The Walking Dead: Why Carol Peletier Is a Feminist Icon

Melissa McBride as Carol Peletier – The Walking Dead _ Season 6, Episode 12 – Photo Credit: Gene Page/AMC Melissa McBride as Carol Peletier – The Walking Dead _ Season 6, Episode 15 – Photo Credit: Gene Page/AMC

I didn’t get into The Walking Dead until about the third season, but I’ve watched enough episodes from season one and two to know that Carol Peletier (Melissa McBride) has come a long way, baby.  My blood boiled when her husband abused her.  I railed and yelled at the TV.  I remember thinking that the loss of her daughter would be the end of her.  I certainly didn’t think that she would ever have made it this far, but she did.  And each season of The Walking Dead has brought us a deadlier, shrewder, more remarkable version of Carol, and TWD season six was no exception.

Carol has gone from being a victim and survivor to an aggressor aggressively doing whatever it takes, by any means necessary, to survive.  In “Same Boat” (episode 13) and “East” (episode 15), Carol completes the metamorphosis that started way back in The Walking Dead‘s fourth season when Carol killed Tyreese’s love interest Karen and another resident after a virus spread through the prison they were all shacked up in.  Carol has been a nomad and a mercenary, but she’s also been down to do whatever it takes for the team, even when Rick and the others couldn’t see it.

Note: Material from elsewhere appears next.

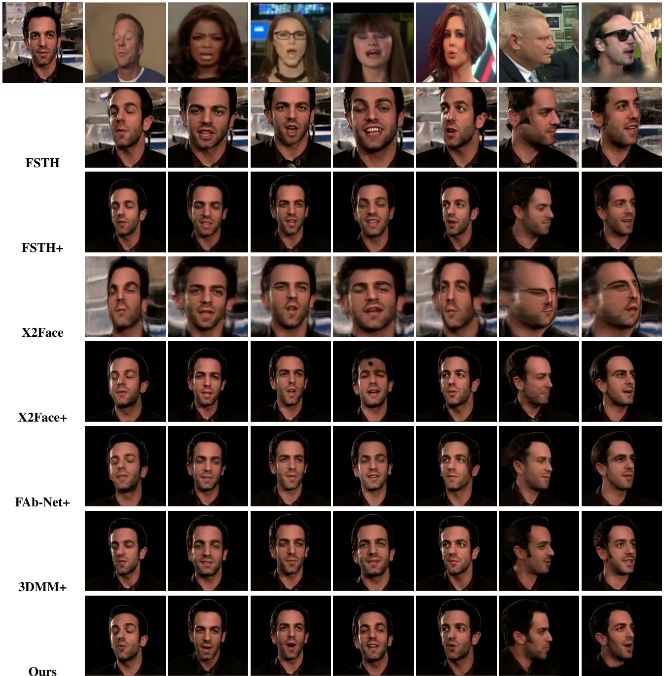
Figure 5: Comparison of cross-person reenactment for several systems on VoxCeleb2 test set. The top left image is one of the 32 identity source frames. The other images in the top row are pose drivers. Our method better preserves the identity of the target person and successfully transfers the mimics from the driver person.

with capturing some subtle mimics, especially gaze direction (though it still does a better job than keypoint descriptors that lack gaze representation altogether). Another obvious avenue of research is learning pose descriptor and the

This doesn’t mean that Carol hasn’t had to pay the price for being a bad ass merc with a conscience.  She has.  And that toll on her was quite evident by the time the season 6 finale aired last night.  Still, nothing can negate how incredibly vital Carol has been to Rick and the crew.

Don’t get me wrong.  Sasha, Michonne, Maggie, Rosita and many of the women who’ve graced the show are feminist icons, but Carol is an older woman who is deadlier because she is so unexpectedly so.  It is because of outdated (for the zombie apocalypse especially) notions about mature women that a whole crew of antagonists let their guard down just enough for her to exploit their failure to never underestimate a woman.  I believe that this was by design of The Walking Dead‘s writers and I’m here for it.  Don’t shoot the messenger.  Just watch the tape.

Melissa McBride as Carol Peletier – The Walking Dead _ Season 6, Episode 15 – Photo Credit: Gene Page/AMC

And for the slow people in the back, Carol is not one of The Walking Dead‘s feminist icons because of who she killed.  She’s one of the show’s feminist icons because of how far she’s come, from abused wife to an effective killing machine, that makes her an icon.  In a world where women would most likely be some of the first casualties of the war to reestablish humanity in a sea of the undead, Carol (like Michonne, Sasha, Maggie, and many others both living and dead) not only made it, but she adapted to it and allowed herself to be molded by it so she could get the job done.

I truly believe that Carol will come to terms with her position (in the TV series) and she’ll find the balance between kickass mother figure and assassin, and I cannot wait.